- [Materials provided]
****
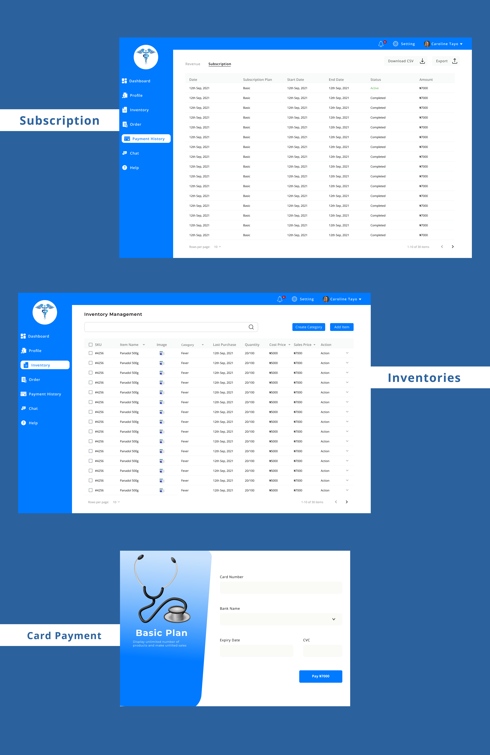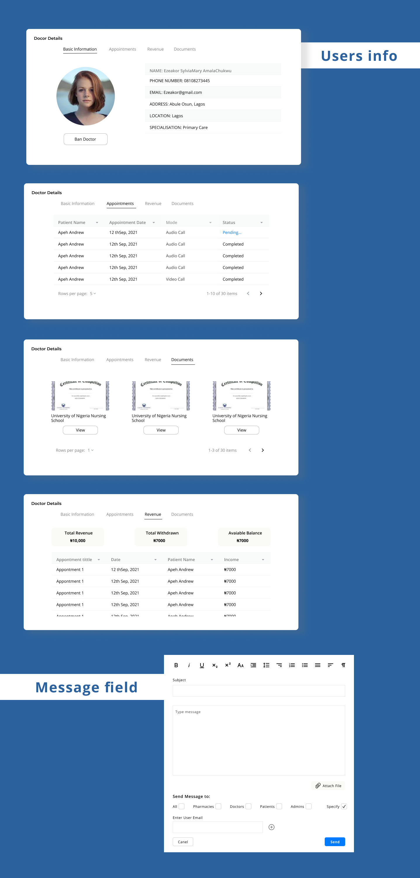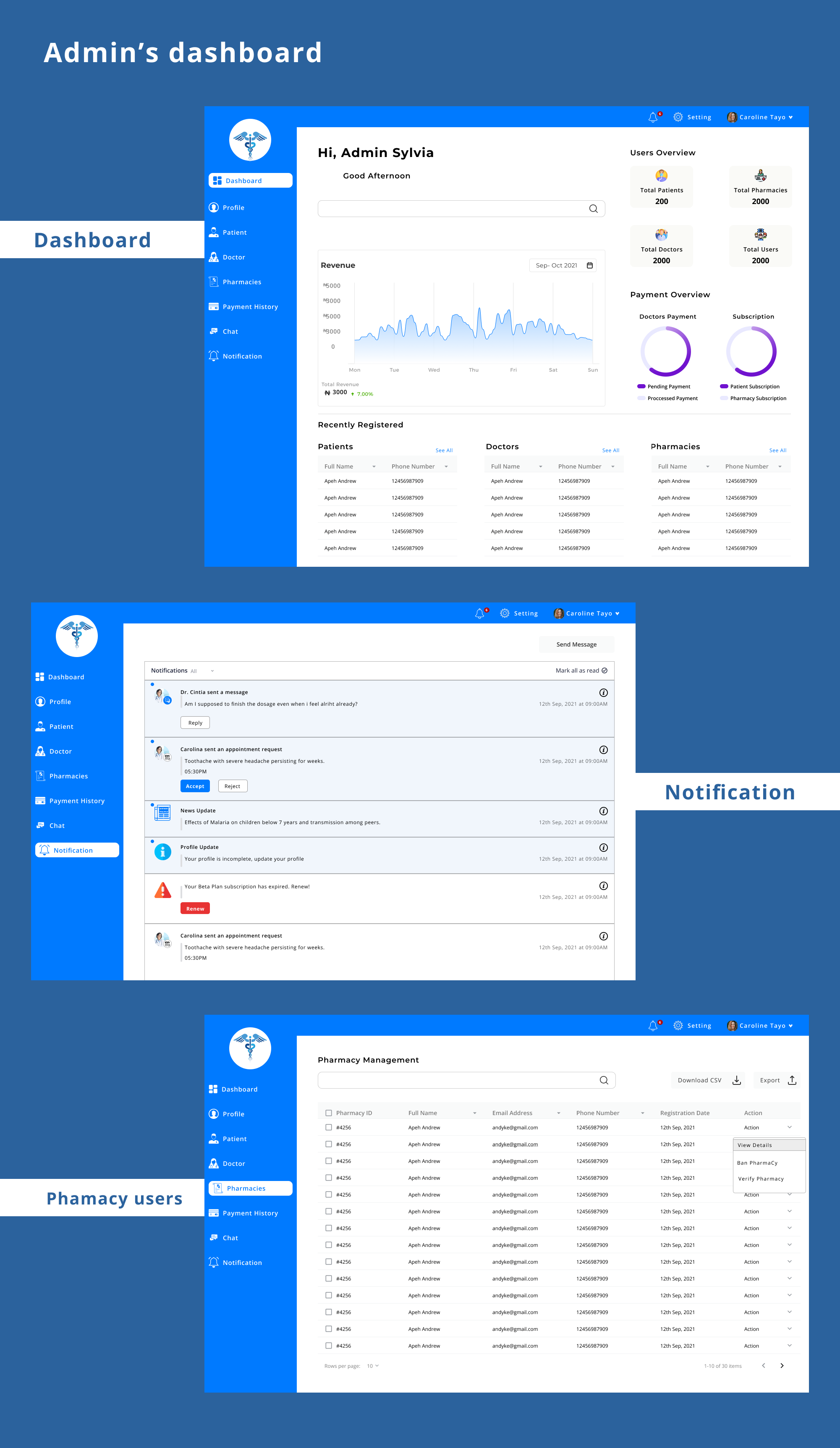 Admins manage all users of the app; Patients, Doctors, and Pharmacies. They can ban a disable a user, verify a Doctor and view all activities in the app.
****
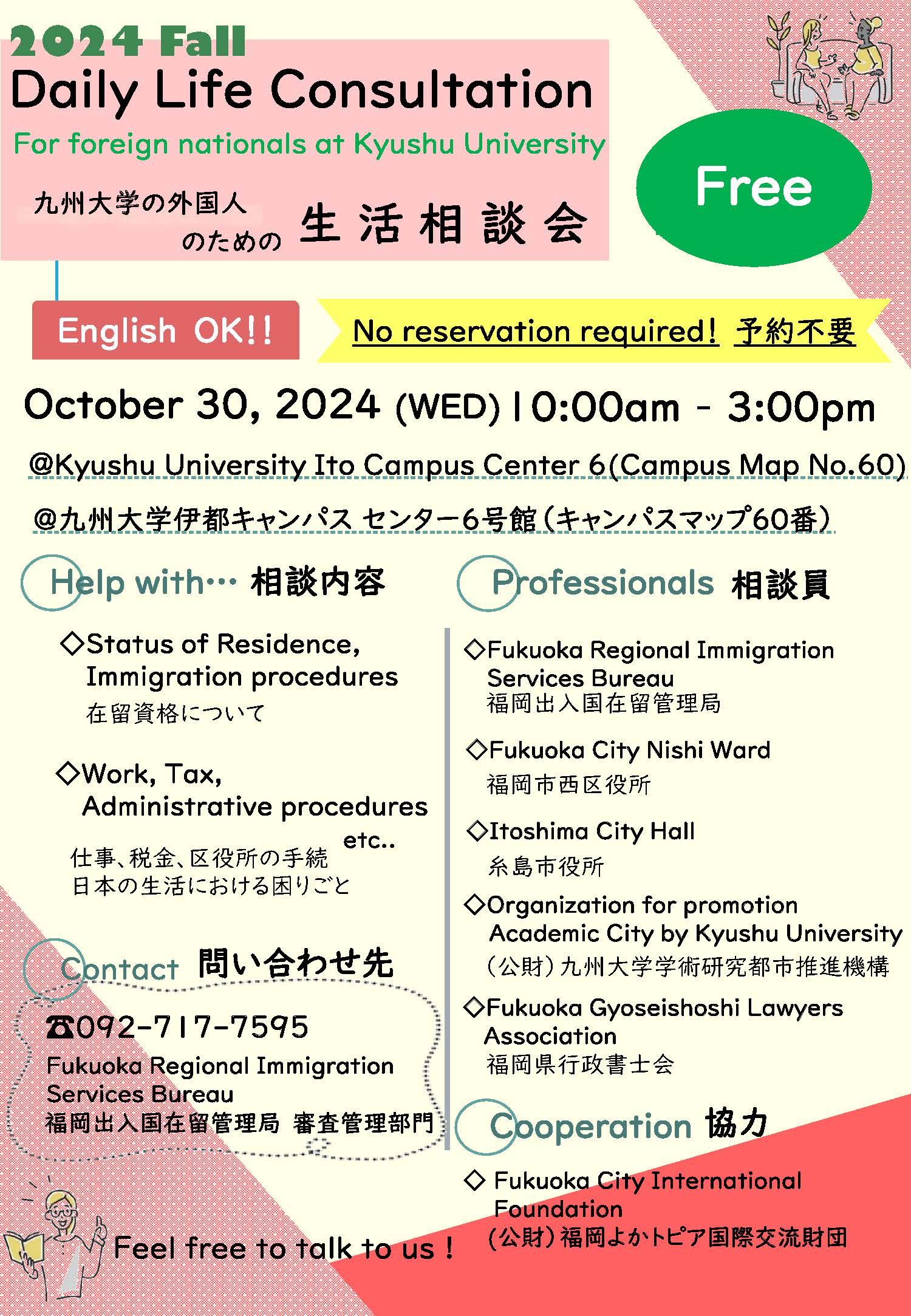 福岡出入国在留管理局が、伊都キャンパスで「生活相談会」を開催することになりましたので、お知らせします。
****
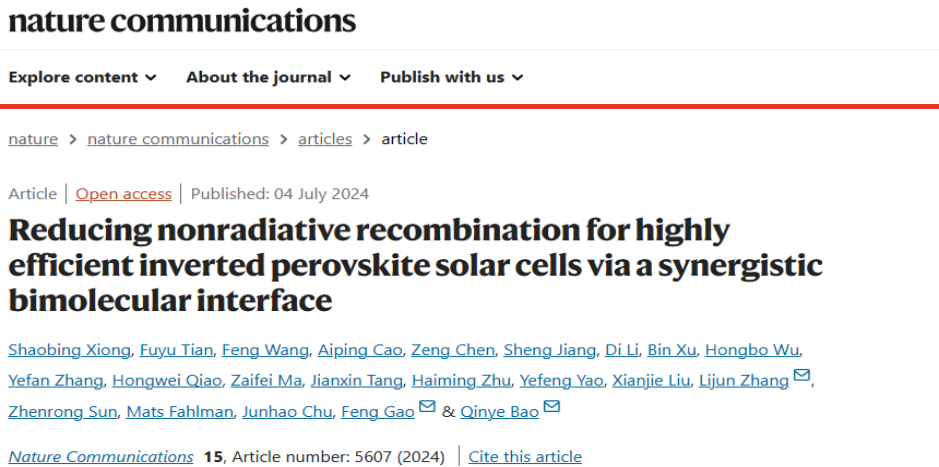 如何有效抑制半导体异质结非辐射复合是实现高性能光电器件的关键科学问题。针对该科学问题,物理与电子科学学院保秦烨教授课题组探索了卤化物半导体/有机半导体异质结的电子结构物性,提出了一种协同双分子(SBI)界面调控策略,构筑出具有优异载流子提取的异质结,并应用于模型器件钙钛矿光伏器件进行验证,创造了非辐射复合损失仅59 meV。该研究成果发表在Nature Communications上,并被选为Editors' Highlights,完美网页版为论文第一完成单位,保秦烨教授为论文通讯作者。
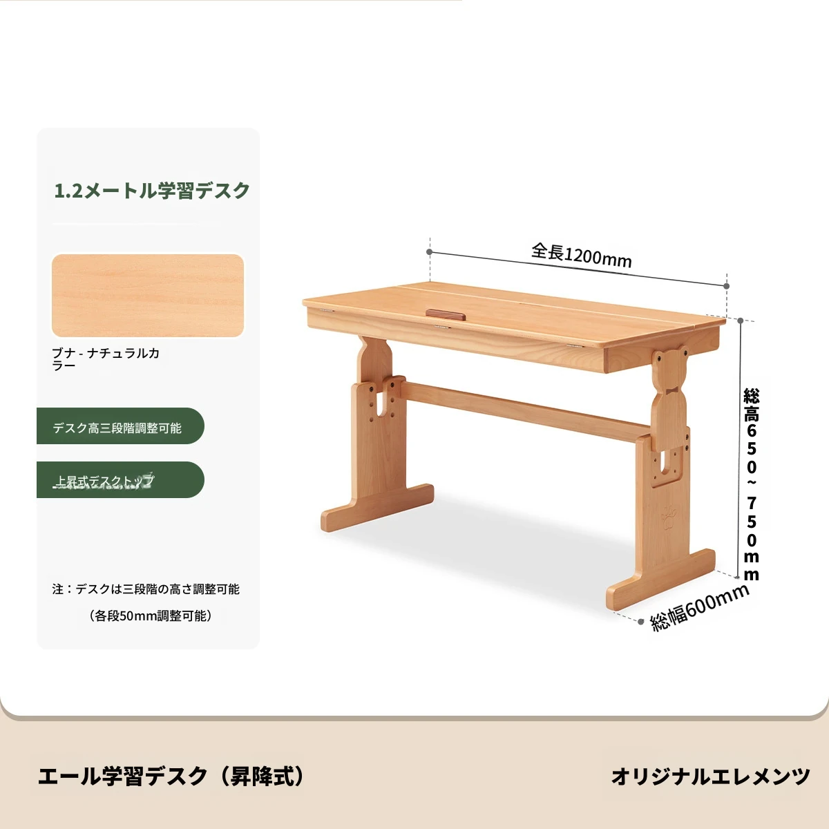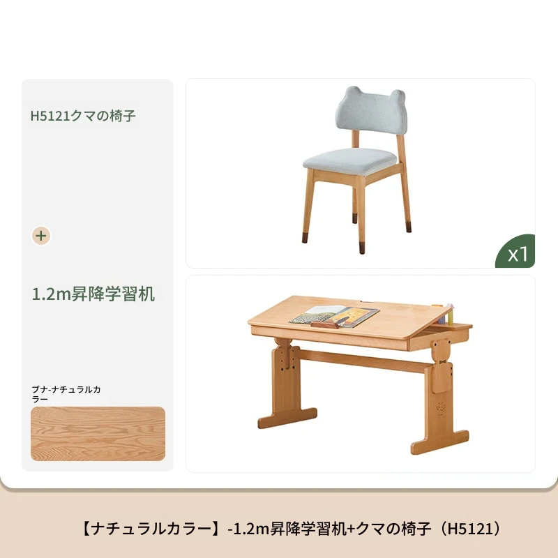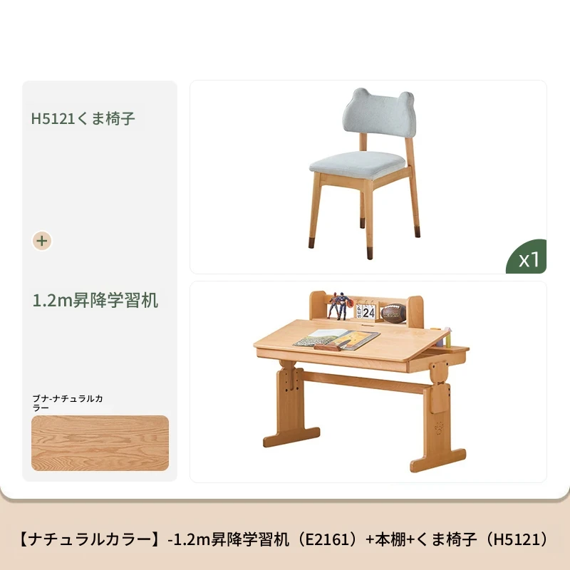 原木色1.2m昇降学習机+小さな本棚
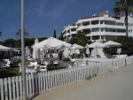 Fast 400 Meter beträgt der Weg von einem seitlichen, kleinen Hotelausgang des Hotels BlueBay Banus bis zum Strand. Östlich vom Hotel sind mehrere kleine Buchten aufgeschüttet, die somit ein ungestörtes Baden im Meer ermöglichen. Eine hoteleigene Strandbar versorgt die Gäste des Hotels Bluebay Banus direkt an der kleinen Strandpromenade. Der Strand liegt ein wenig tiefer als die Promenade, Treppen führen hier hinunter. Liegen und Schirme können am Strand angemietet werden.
****
- [Task to carry out] Nothing but the lines from the one with "原木色1.2m昇降学習机+小さな本棚" to the one with "Fast 400 Meter" above, both included, should be transcribed, exactly and without pictures.

- [Solution]
 原木色1.2m昇降学習机+小さな本棚
 Fast 400 Meter beträgt der Weg von einem seitlichen, kleinen Hotelausgang des Hotels BlueBay Banus bis zum Strand. Östlich vom Hotel sind mehrere kleine Buchten aufgeschüttet, die somit ein ungestörtes Baden im Meer ermöglichen. Eine hoteleigene Strandbar versorgt die Gäste des Hotels Bluebay Banus direkt an der kleinen Strandpromenade. Der Strand liegt ein wenig tiefer als die Promenade, Treppen führen hier hinunter. Liegen und Schirme können am Strand angemietet werden.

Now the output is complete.